BEGIN Extracted data

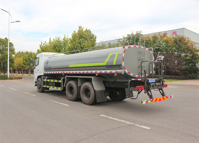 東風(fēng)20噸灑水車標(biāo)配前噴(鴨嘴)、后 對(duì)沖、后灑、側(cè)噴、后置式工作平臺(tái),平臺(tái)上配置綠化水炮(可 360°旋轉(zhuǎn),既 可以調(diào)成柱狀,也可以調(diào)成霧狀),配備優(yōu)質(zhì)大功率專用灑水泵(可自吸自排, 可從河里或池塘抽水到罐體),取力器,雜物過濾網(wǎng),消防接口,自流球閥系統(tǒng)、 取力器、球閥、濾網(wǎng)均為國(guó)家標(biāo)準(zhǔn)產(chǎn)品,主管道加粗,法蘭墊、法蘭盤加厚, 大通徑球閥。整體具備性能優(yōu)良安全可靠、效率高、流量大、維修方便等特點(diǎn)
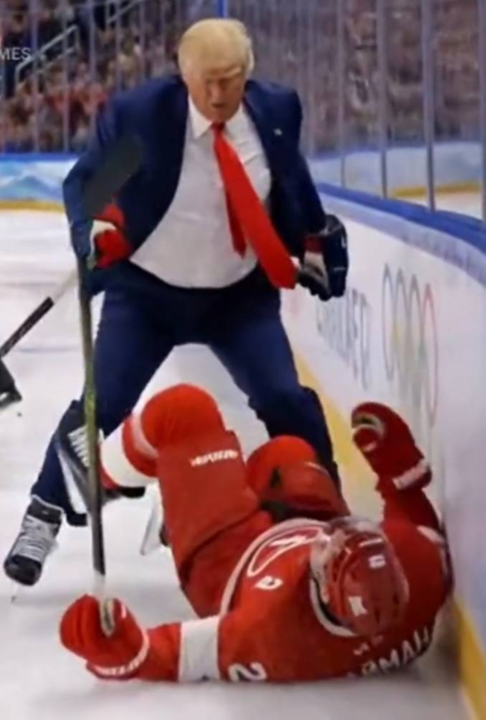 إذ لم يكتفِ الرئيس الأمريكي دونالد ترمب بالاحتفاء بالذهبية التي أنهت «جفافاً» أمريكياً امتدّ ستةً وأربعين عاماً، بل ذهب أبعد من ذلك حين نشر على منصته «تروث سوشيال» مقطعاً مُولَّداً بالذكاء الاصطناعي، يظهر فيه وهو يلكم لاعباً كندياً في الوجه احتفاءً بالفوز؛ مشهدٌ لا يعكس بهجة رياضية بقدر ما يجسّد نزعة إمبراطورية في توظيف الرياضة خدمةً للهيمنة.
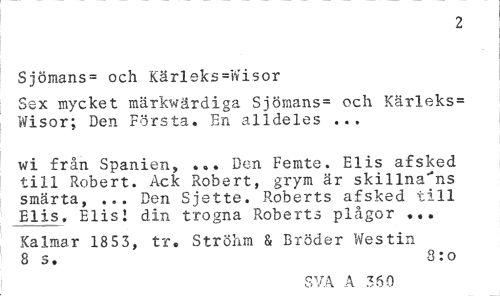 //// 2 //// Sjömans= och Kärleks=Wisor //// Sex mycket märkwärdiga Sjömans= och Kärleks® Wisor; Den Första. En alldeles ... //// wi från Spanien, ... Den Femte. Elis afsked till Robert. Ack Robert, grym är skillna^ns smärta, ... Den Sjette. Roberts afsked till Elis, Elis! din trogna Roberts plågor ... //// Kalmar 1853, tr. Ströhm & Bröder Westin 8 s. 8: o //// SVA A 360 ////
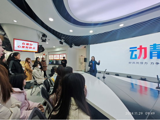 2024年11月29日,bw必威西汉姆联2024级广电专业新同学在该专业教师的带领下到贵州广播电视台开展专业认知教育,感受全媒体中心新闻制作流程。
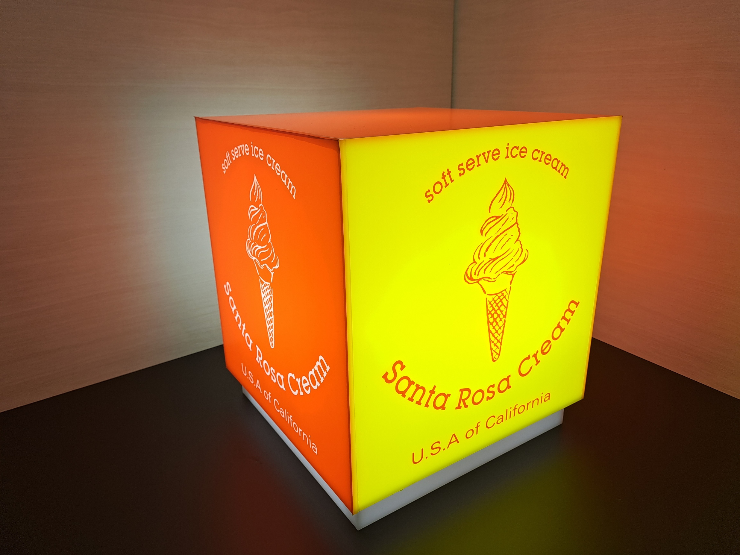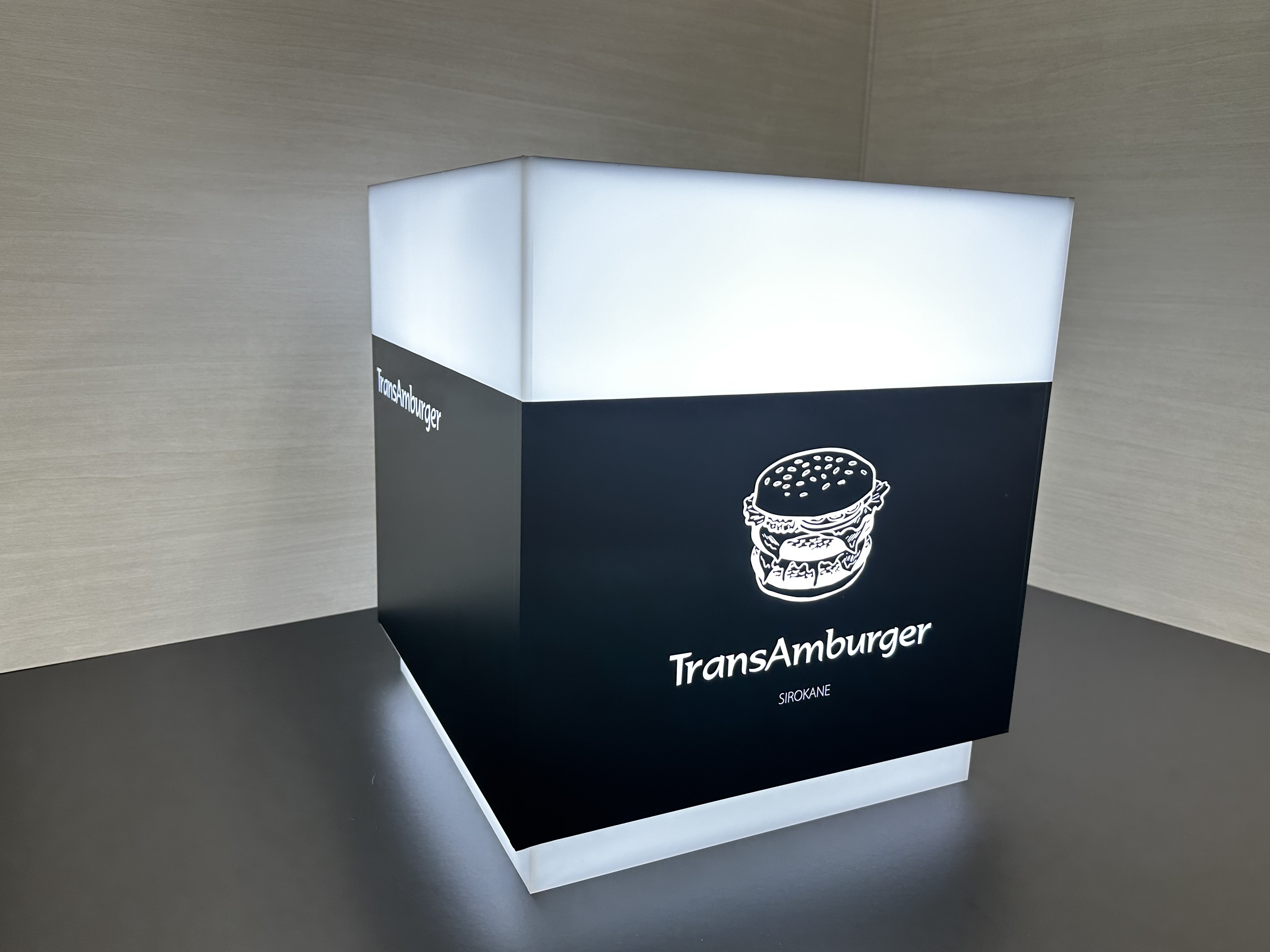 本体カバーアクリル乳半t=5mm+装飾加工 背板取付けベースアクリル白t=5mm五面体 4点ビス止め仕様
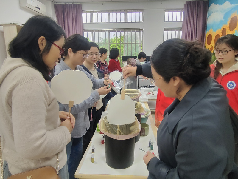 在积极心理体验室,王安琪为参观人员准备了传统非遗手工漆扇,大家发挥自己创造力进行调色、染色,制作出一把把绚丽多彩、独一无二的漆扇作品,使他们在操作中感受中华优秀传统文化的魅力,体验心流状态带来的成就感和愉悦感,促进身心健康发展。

END Extracted data
BEGIN Extracted data

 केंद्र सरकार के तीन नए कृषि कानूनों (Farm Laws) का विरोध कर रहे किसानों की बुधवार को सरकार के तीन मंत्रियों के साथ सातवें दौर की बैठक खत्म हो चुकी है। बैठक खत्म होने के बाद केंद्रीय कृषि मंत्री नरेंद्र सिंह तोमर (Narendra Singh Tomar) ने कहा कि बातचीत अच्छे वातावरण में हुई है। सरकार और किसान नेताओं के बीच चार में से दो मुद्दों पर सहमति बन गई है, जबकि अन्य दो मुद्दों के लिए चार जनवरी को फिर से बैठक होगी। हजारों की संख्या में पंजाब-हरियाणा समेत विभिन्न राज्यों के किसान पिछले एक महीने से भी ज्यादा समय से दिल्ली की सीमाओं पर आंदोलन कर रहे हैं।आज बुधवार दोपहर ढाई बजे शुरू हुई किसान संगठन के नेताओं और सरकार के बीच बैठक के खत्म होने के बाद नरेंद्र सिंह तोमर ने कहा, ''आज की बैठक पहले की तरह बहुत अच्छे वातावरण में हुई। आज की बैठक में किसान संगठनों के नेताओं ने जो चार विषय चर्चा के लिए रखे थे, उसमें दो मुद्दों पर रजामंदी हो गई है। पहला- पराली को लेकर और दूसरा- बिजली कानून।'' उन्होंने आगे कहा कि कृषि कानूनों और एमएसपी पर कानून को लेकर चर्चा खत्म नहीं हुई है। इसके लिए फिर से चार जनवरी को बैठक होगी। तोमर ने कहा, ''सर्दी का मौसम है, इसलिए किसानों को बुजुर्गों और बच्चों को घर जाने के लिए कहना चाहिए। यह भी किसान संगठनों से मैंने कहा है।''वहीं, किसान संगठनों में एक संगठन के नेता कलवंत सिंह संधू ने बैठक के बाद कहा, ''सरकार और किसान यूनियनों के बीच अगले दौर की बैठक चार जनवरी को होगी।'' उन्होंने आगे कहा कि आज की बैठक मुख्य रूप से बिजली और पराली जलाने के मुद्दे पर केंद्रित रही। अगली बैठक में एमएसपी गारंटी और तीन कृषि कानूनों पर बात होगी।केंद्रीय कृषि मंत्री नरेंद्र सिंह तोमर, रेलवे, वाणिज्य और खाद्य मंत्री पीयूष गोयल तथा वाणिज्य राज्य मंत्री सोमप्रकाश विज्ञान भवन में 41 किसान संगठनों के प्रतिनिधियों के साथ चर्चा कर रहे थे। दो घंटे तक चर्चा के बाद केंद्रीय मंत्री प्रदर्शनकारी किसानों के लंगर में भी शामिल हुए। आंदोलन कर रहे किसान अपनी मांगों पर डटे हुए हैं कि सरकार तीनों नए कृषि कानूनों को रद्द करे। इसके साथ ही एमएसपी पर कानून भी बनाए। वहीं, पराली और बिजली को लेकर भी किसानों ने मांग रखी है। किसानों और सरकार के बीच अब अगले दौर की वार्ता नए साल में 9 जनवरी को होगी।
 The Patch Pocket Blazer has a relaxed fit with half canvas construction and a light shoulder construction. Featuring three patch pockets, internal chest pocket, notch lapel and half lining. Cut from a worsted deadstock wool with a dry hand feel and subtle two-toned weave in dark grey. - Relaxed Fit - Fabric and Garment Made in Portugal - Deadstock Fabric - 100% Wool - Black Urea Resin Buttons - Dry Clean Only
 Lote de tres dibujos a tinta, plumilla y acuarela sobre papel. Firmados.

END Extracted data
BEGIN Extracted data

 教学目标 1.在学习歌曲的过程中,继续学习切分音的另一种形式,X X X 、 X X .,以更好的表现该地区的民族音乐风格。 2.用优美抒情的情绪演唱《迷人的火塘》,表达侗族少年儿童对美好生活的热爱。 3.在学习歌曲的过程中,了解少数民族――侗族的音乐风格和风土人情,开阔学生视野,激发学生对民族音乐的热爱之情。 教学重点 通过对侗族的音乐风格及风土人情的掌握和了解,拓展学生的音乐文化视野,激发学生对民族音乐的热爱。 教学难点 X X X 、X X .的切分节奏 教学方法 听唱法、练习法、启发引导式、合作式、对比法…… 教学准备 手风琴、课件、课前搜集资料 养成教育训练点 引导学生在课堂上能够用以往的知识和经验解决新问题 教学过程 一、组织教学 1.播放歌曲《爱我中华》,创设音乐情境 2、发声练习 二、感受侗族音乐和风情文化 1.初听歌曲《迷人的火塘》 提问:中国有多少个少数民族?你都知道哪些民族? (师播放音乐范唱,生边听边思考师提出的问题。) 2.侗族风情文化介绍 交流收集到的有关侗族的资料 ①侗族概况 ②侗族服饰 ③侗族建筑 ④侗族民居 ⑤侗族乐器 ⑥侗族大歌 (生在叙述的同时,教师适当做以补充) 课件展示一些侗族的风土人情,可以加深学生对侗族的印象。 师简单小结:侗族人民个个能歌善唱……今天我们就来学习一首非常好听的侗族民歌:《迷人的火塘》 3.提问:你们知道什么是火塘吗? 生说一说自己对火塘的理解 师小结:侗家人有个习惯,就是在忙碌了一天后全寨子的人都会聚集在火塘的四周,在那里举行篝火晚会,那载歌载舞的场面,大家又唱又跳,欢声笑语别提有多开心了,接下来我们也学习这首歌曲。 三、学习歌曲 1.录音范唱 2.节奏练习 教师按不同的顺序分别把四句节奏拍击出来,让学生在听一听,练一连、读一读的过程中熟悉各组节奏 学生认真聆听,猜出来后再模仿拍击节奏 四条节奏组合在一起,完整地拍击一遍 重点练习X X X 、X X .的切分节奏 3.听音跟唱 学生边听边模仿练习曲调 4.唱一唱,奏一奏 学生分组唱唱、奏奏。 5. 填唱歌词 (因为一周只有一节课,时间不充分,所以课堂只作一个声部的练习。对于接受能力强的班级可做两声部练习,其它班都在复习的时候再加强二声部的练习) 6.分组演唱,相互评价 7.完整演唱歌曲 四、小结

END Extracted data

Task requirements:
Going by the data above, the answer is exactly the lines from the one holding "SVA A 360 ////" to the one holding "本体カバーアクリル乳半t=5mm+装飾加工 背板取付けベースアクリル白t=5mm五面体 4点ビス止め仕様", both kept, with the pictures left out.

Answer to this problem:
 //// 2 //// Sjömans= och Kärleks=Wisor //// Sex mycket märkwärdiga Sjömans= och Kärleks® Wisor; Den Första. En alldeles ... //// wi från Spanien, ... Den Femte. Elis afsked till Robert. Ack Robert, grym är skillna^ns smärta, ... Den Sjette. Roberts afsked till Elis, Elis! din trogna Roberts plågor ... //// Kalmar 1853, tr. Ströhm & Bröder Westin 8 s. 8: o //// SVA A 360 ////
 2024年11月29日,bw必威西汉姆联2024级广电专业新同学在该专业教师的带领下到贵州广播电视台开展专业认知教育,感受全媒体中心新闻制作流程。
 本体カバーアクリル乳半t=5mm+装飾加工 背板取付けベースアクリル白t=5mm五面体 4点ビス止め仕様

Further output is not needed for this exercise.